Daniel Medeiros*

 Na manhã daquela terça-feira, 24 de agosto, há 61 anos, o país era sacudido pela notícia do suicídio de Getúlio Vargas. Ato final, trágico e desconcertante, de uma trama que contou com um coro golpista capitaneado pela UDN e por seu líder, o “corvo” Carlos Lacerda, e pela cúpula do Exército e da Aeronáutica, fortemente influenciadas pelas lições da Escola Superior de Guerra e a tese do inimigo interno, o “comunismo” - entendendo-se por “comunismo” tudo o que colocasse em risco os interesses do capital norte americano, suas ambições geopolíticas e as associações com os grupos econômicos, rurais e urbanos, no Brasil.

Some-se a isso uma classe média desinformada e açulada por uma crise econômica crescente e insatisfeita com as tentativas de adoção de políticas de distribuição de renda, particularmente o aumento do salário mínimo. E então tivemos o cenário do golpe que virou tragédia.

O suicídio de Vargas, na bacia das almas, tirou o doce da boca dos golpistas, instilando as massas desamparadas contra os inimigos do “pai dos pobres”. O momento do golpe se perdeu e teve de esperar um momento mais propício, que viria dez anos mais tarde.

 A política de reconhecimento dos direitos das massas e sua inserção no jogo político era inaceitável pelos setores acima citados: militares, classe média, empresários, fazendeiros e seus patronos internacionais. As regras do jogo secular, garantia da perpetuação de poderes e propriedades, poderiam mudar rapidamente - e privilégios consolidados (como uma herança “legitimamente” defendida) corriam riscos. Embora nem tanto: o velho caudilho era, na verdade, um reformista moderado. No entanto, as concessões insuflavam novas demandas e dívidas sociais de sempre pareciam, pela primeira vez, capazes de ser cobradas por seus titulares: os camponeses e os operários. E os devedores não estavam dispostos a acertar as contas.

Vargas caiu porque enredou-se nos escândalos de corrupção de seus próximos – assessores e parentes – e porque não conseguiu manter a política de “agradar gregos e troianos” que garantiu seus primeiros quinze anos no poder.
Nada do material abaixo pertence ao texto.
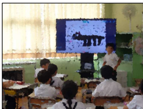
自分の調べたことをプレゼン！

Em um país de cobertor curto, a política de estender direitos sem tocar em privilégios tem limites. E o limite havia chegado. E Getúlio resolveu esticar a corda, um pouco mais. E as forças da reação estavam bem despertas. E os erros do velho caudilho tornaram-se as razões para “legitimar” sua queda. E ele caiu. Mas de pé. Só para contrariar. Como disse, mais tarde, Carlos Lacerda, líder da oposição, em um rasgo de sinceridade: “estávamos com a mesa posta para o jantar. Na hora agá, Getúlio veio e puxou a toalha”.

De lá para cá, outras versões dos fatos foram construídas. Umas mais heroicas: a do defensor das riquezas nacionais, dos valores e direitos dos trabalhadores, do mártir das causas populares; e outras detratoras: o caudilho ditatorial, corrupto, populista, demagogo, incompetente que se matou para não cair e não revelar o “mar de lama” de seu governo.

A principal lição continua a mesma: a dívida social continua grande. As políticas de resgate dessa dívida continuam incomodando interesses. O confronto se dá com muitas armas e os erros dos governos populares e populistas são muitos. E eles são fatais. Bom, no caso de Getúlio, foi.

* Daniel Medeiros é Doutor em Educação Histórica pela UFPR e professor de História no Curso Positivo.